Information given:
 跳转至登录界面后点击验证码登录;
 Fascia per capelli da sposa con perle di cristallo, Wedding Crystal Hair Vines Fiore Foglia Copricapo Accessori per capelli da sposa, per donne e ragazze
...
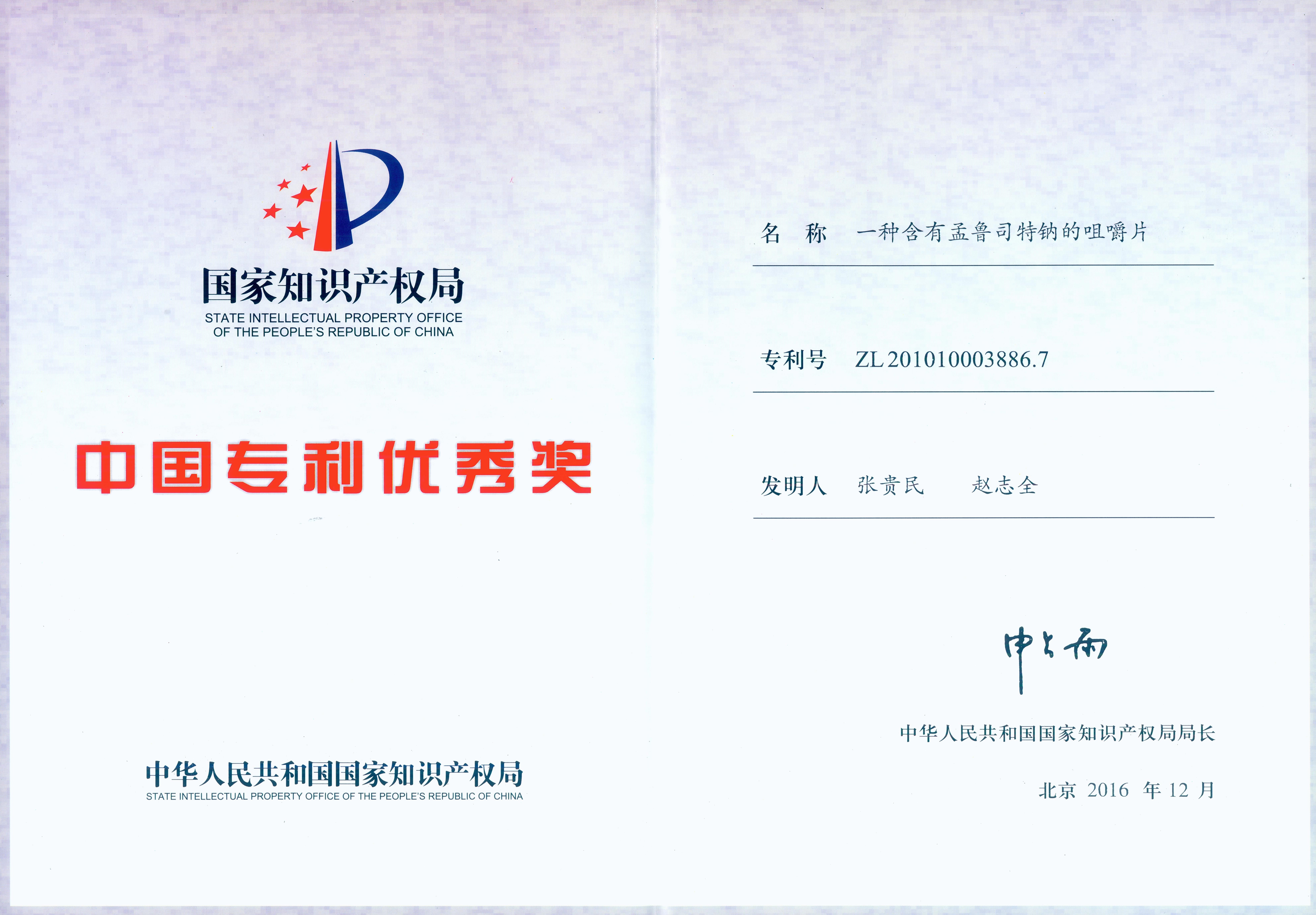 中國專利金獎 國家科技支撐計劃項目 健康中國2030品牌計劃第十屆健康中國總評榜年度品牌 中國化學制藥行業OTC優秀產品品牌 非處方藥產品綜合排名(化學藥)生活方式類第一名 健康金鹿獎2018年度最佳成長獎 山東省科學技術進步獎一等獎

Required action:
Within the data above, the lines from the one with "跳转至登录界面后点击验证码登录;" to the one with "Fascia per capelli" must be repeated exactly; no other line belongs in the answer.

Exercise response:
 跳转至登录界面后点击验证码登录;
 Fascia per capelli da sposa con perle di cristallo, Wedding Crystal Hair Vines Fiore Foglia Copricapo Accessori per capelli da sposa, per donne e ragazze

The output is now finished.